DEPARTMENT OF THE TREASURYWASHINGTON, D.C. 20220 May 18, 2010

EX-10.(105) 5 a2202252zex-10_105.htm EX-10.(105)

Exhibit 10(105)

 

DEPARTMENT OF THE TREASURY

WASHINGTON, D.C. 20220

 

 

May 18, 2010

 

Jeffrey J. Hurd, Esq.

Senior Vice President —

Human Resources and Communications

American International Group, Inc.

70 Pine Street

New York, New York 10270

 

Re:          Supplemental Determination Regarding

2010 Compensation Payments and Structures for

Most Highly Compensated Employees

 

Dear Mr. Hurd:

 

This letter addresses requests submitted by you on behalf of American International Group, Inc. (“AIG”), for approval by the Special Master for TARP Executive Compensation (the “Special Master”) regarding (i) compensation potentially payable to a “Top 25” executive, and (ii) the compensation structure for a candidate for an executive officer position in the “Covered Employees 26–100” group. This letter also provides a clarification regarding compensation structures approved for the “Covered Employees 26–100” group.

 

Under the Department of the Treasury’s Interim Final Rule on TARP Standards for Compensation and Corporate Governance (the “Rule”), the Special Master must approve the compensation structures and amounts payable to “Top 25” executives of “exceptional assistance recipients” such as AIG. 31 C.F.R. § 30.16(a)(3)(i). The Special Master must also approve the compensation structures—but not individual amounts payable—to executive officers who are in an exceptional assistance recipient’s “Covered Employees 26–100” group. Id. § 30.16(a)(3)(ii).

 

1. Top 25 Executive

 

Pursuant to the Rule, on March 23, 2010, the Special Master issued an initial determination (the “Top 25 Determination”), which concluded that certain compensation structures and amounts payable to AIG’s Top 25 executive officers would not result in payments that are “inconsistent with the purposes of section 111 of EESA or TARP, or [are] otherwise contrary to the public interest.” Id. § 30.16(b)(1) (the “Public Interest Standard”). Subsequently, AIG submitted a request to alter the compensation package of a Top 25 executive as a result of the substantial expansion of the executive’s responsibilities after the issuance of the Top 25 Determination.
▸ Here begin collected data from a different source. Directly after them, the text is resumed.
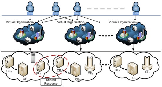 The large-scale scientific computing platform pools resources from many administrative domains, individuals, and institutions to create a Virtual Organization (VO) [3]. VO enables users to access the large amount of computing resources as a single virtualized computing platform distributed across multiple resource provider locations. The interactions between users, VOs, and shared resources are shown in Figure 1. A user may be a member of one or more VOs, and the same resources can be shared across multiple VOs. Additionally, Figure 1 demonstrates that a VO is composed of a number of Computing Elements (CEs). A CE is a collection of computing resources that are physically located at a resource provider site (i.e., a cluster, supercomputer, a computing farm), and the cluster is a collection of Worker Nodes (WNs) that actually perform the tasks.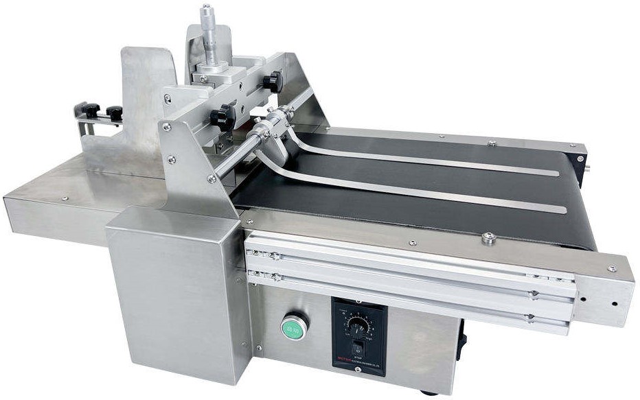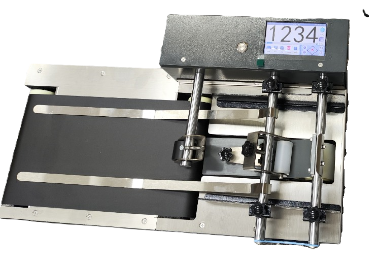 AIMS brand Compact Continuous flat belt Compact variable speed conveyor Model SCS – 250S (250 x 610mm) with PVC conveyor belt of size 200 mm width X 610 mm long & 70 mm height Stainless Steel machine, having a Variable speed 1 to 15 meters / min. Used to automatically separate stacked packaging bags or card products into single pages, custom-made universal paging machine, effectively reducing friction paging sound and improving paging efficiency, equipped with a scale thickness fine-tuning knob, convenient for changing products of different thicknesses, the whole machine is made of stainless steel, and the surface is finely brushed.It is suitably designed to provide proper conveyance to objects for proper Ink Jet Printing (Model IJP- P2128 / T360-O / MX1-A).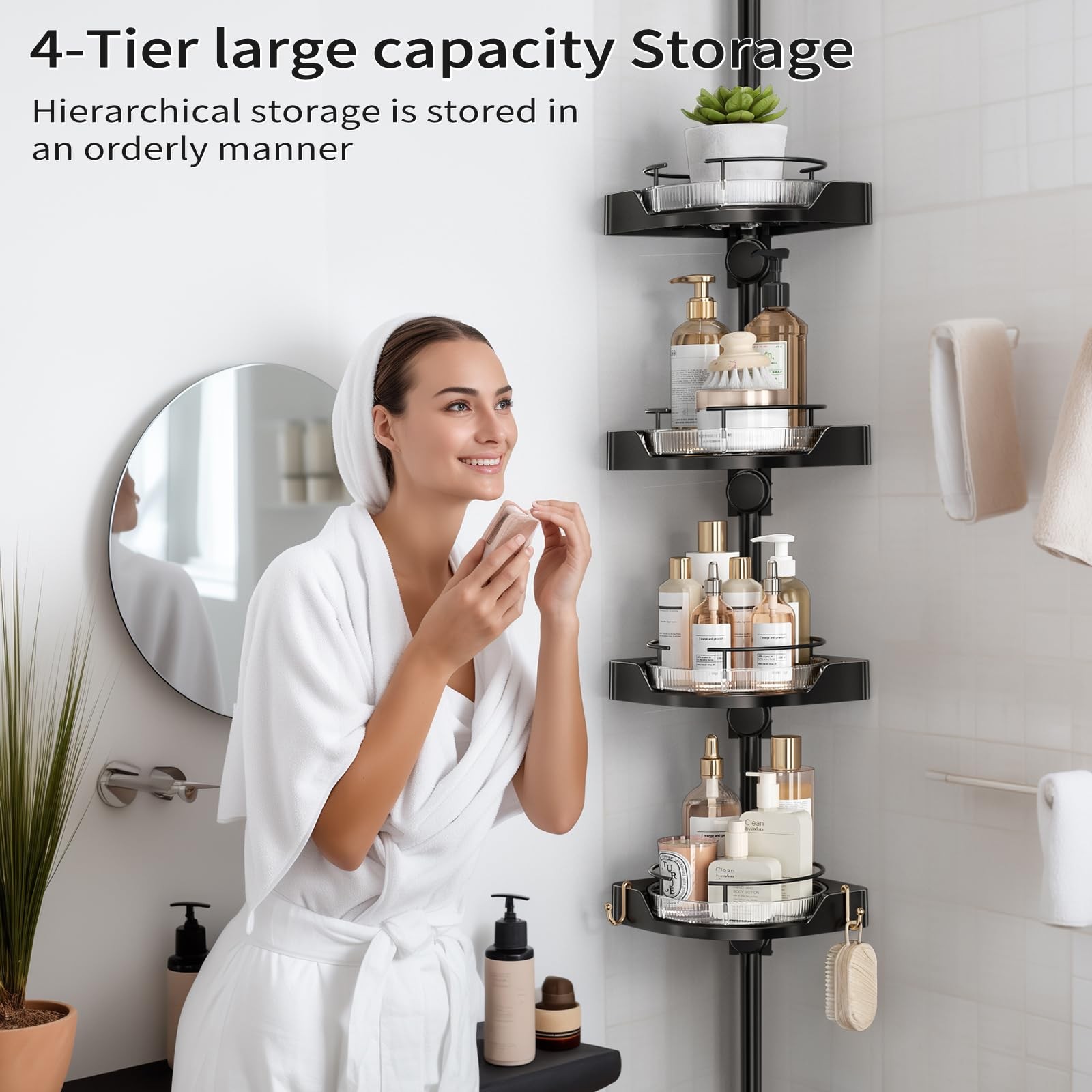 Corner Shower Caddy Tension Pole, 4 Tiers Rotating Shower Organizer for Bathroom Shelf Bathtub, Adjustable Standing Shower Rack Bathroom Accessories, Easily Assemble, 34-124 Inch Height,Black Corner Shower Caddy Tension Pole Design, exquisite bathroom rotating storage tray, easy to retrieve and bathroom supplies, multi-layer bath caddy can fully meet the storage needs of bathroom accessories. The multi-layer corner shower caddy tension pole storage tray is fixed with specialized buckles to prevent slipping, Quick Assembly, Durable Materials.Tension rod shower caddy can be quickly assembled successfully. According to the assembly instructions, most people can complete the assembly of shower caddy corner in a short time. High quality metal materials are used to prevent rust and maintain corner shower caddy tension pole durability, Expanding Bathroom Space, the shower caddy tension pole organizes the space needed for bathroom supplies, expands the bathroom space, and can be conveniently installed next to the bathtub or in the corner of the bathroom wall, saving messy bathroom space, Extended Telescopic Rod, maximum length of 124 inches, the shower organizer corner can meet the needs of most households such as bathrooms, kitchens, or bathtubs that require bathroom storage racks, and can be adjusted appropriately according to changes in height, Detailed Installation Instructions, please confirm the height of the installation position first, and assemble this bathroom shelves according to the steps in the manual,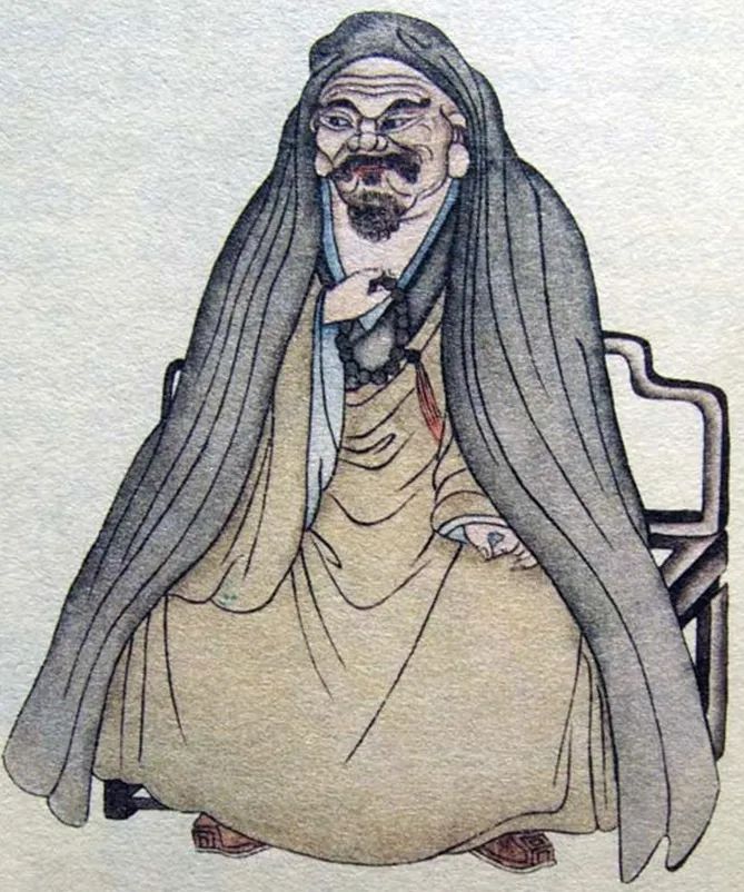 尊者法相所现为安然端坐,右手于胸前执念珠,左手于左膝结印,挂络覆顶,神态刚毅冷静,有勇猛之气。
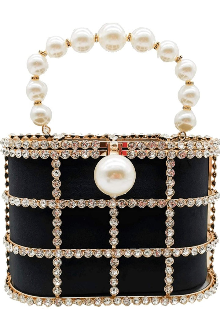 Black Evening Pearl and Rhinestone Handbag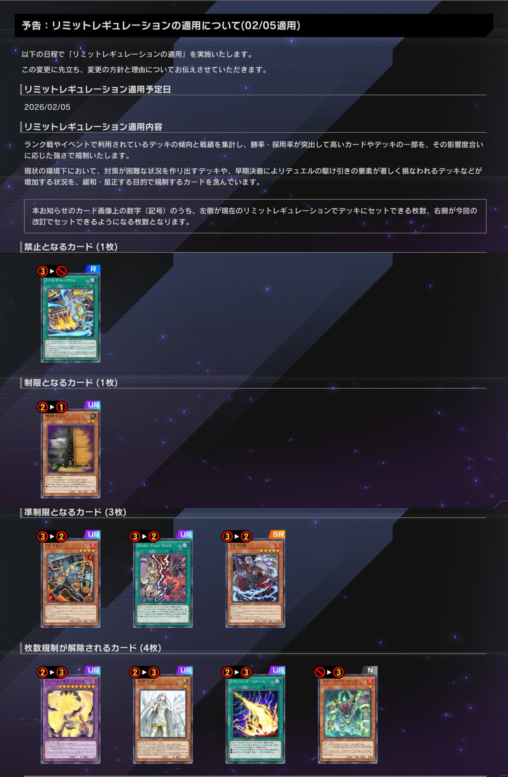 2025.12.5 マスターデュエル リミットレギュレーション 8期 1402環境 から変更されたカード。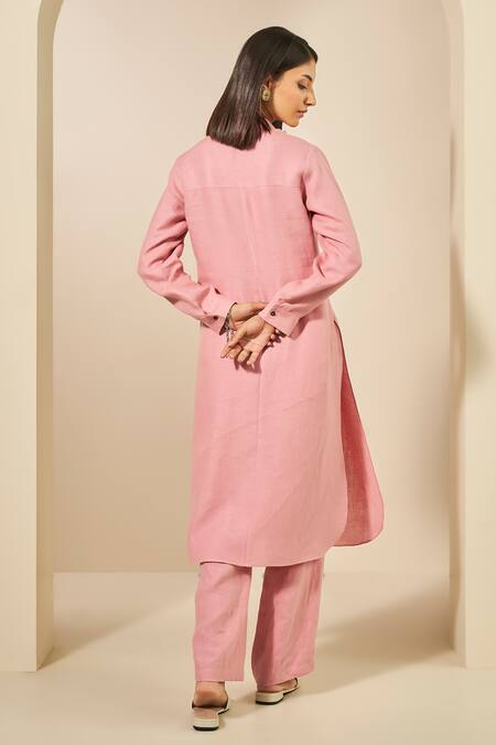 Pink Hemp Embroidery Quartz Straight Shirt Kurta With Pant

AIG proposed to raise the executive’s cash salary by $300,000 and stock salary by $1,000,000 on an annualized basis, with the raises effective on the date of the executive’s pr omotion. No additional changes to the structural requirements or other amounts payable under

 



 

the Top 25 Determination were proposed. In light of the substantial expansion of the executive’s responsibilities and the corresponding increase to the current and expected contribution of the executive to the value of AIG, see id. § 30.16(b)(1)(vi), the Special Master has determined that the proposed alteration is consistent with the Public Interest Standard.

 

2. Executive Officer Candidate

 

Also pursuant to the Rule, on April 16, 2010, the Special Master issued an additional initial determination (the “26–100 Determination”), which concluded that certain compensation structures for AIG’s Covered Employees 26–100 group are consistent with the Public Interest Standard. Subsequent to the issuance of the 26–100 Determination, AIG informed the Office of the Special Master that it had identified Henri Courpron as a potential candidate for an AIG executive officer position, serving as the Chief Executive Officer of International Lease Finance Corporation. On May 17, 2010, AIG submitted a proposed compensation structure for Mr. Courpron to the Office of the Special Master—its representatives having previously discussed the substance of the proposal with the Special Master and staff members in the Office of the Special Master—and requested a determination that the proposed structure is consistent with the Public Interest Standard. Under the proposal, which generally conforms to the requirements of the 26 – 100 Determination, Mr. Courpron will be eligible to receive cash salary, stock salary, cash and stock incentives, and other benefits (including eligibility under AIG’s Executive Severance Plan) on the same terms and conditions as current executives of AIG in the Covered Employees 26-100 group. Accordingly, the Special Master has determined that AIG’s proposed 2010 compensation structure for Mr. Courpron is consistent with the Public Interest Standard.

 

AIG’s submission for Mr. Courpron also proposed compensation structures for 2011 and 2012, and contemplates that Mr. Courpron may become a Top 25 executive for 2012. The proposed 2011 and 2012 compensation structures generally conform with the compensation structures the Special Master has approved for executives in the Covered Employees 26–100 group and Top 25 executives, respectively. Accordingly, the Special Master has concluded in principle that the proposed 2011 and 2012 compensation structures and amounts potentially payable to Mr. Courpron would be consistent with the Public Interest Standard. Notwithstanding the foregoing, however, the Special Master’s final determination under the Rule regarding compensation structures and payments for Mr. Courpron in any year after 2010 will not be made prior to the Special Master’s regular review of AIG 46;s compensation proposals for that year, and will based on the totality of the facts and circumstances at that time.

 

3. Clarification Regarding Covered Employees 26–100 Performance Metrics

 

The Special Master’s 26–100 Determination includes the requirement that the payment of incentive compensation must be conditioned upon the achievement of objective performance criteria. For the avoidance of doubt, for the purposes of the 26–100 Determination, an incentive compensation plan that includes the sale of a subsidiary or assets of a subsidiary of AIG as a performance measure or payment condition—among other objective performance measures or payment conditions—will not be deemed to be inconsistent with the Public Interest Standard merely because of the inclusion of such a measure or condition.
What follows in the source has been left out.